### Description of the task:
In this exercise, print only the lines of the records below from the one with "First, start with" through the one with "お産を扱ってきた産婦人科医と", inclusive. Pictures are not part of the copy.

### Supplied entries:
************

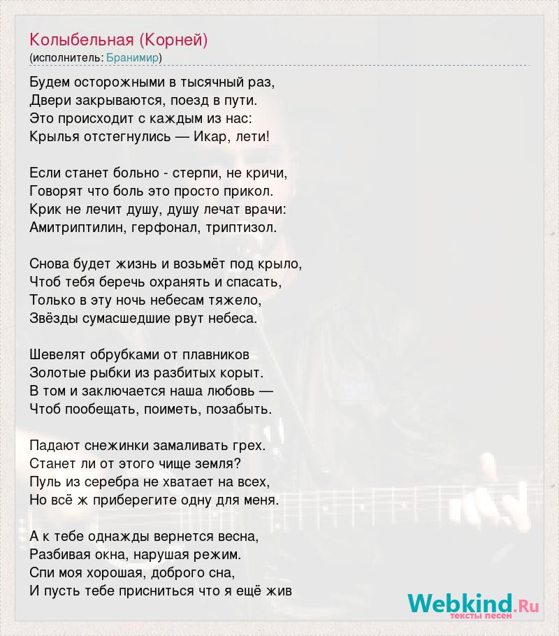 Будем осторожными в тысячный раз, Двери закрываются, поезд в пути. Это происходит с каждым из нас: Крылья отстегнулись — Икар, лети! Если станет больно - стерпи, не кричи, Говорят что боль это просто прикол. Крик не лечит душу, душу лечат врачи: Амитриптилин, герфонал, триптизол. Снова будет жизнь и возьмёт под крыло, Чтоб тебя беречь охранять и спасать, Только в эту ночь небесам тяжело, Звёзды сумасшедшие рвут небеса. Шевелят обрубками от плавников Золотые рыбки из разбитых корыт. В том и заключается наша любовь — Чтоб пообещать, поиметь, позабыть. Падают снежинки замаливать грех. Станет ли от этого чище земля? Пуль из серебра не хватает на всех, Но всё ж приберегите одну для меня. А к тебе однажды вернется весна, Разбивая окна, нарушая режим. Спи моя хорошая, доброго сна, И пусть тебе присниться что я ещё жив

************

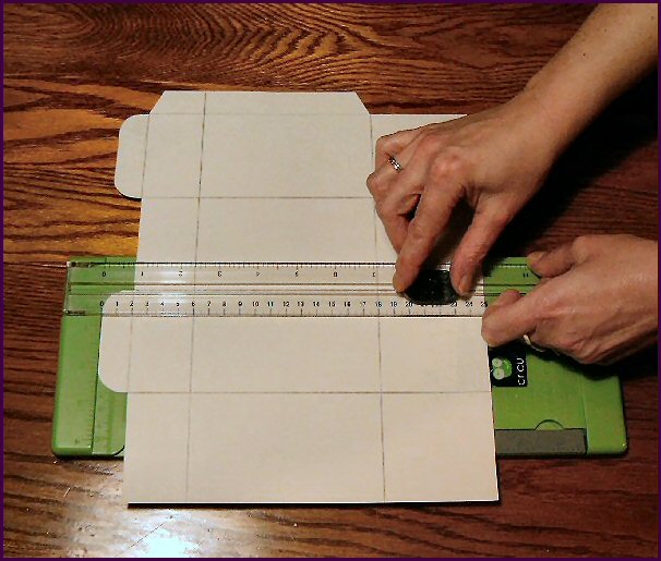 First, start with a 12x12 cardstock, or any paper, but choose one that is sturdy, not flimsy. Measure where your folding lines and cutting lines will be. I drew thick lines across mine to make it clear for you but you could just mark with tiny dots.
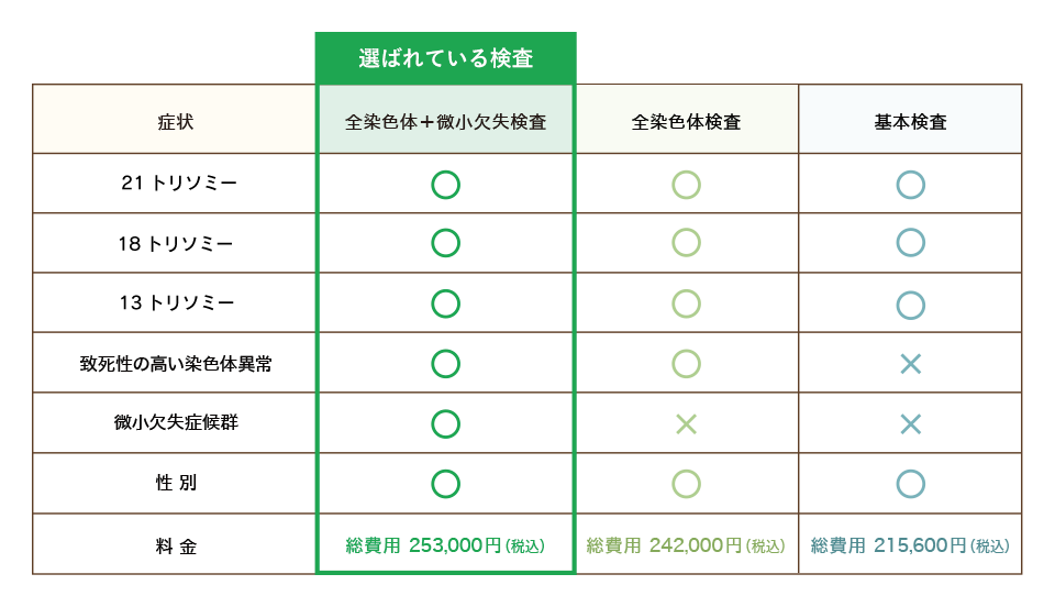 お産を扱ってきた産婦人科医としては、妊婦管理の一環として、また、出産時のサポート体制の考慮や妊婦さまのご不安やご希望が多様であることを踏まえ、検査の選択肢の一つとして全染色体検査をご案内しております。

************

### Expected answer:
 First, start with a 12x12 cardstock, or any paper, but choose one that is sturdy, not flimsy. Measure where your folding lines and cutting lines will be. I drew thick lines across mine to make it clear for you but you could just mark with tiny dots.
 お産を扱ってきた産婦人科医としては、妊婦管理の一環として、また、出産時のサポート体制の考慮や妊婦さまのご不安やご希望が多様であることを踏まえ、検査の選択肢の一つとして全染色体検査をご案内しております。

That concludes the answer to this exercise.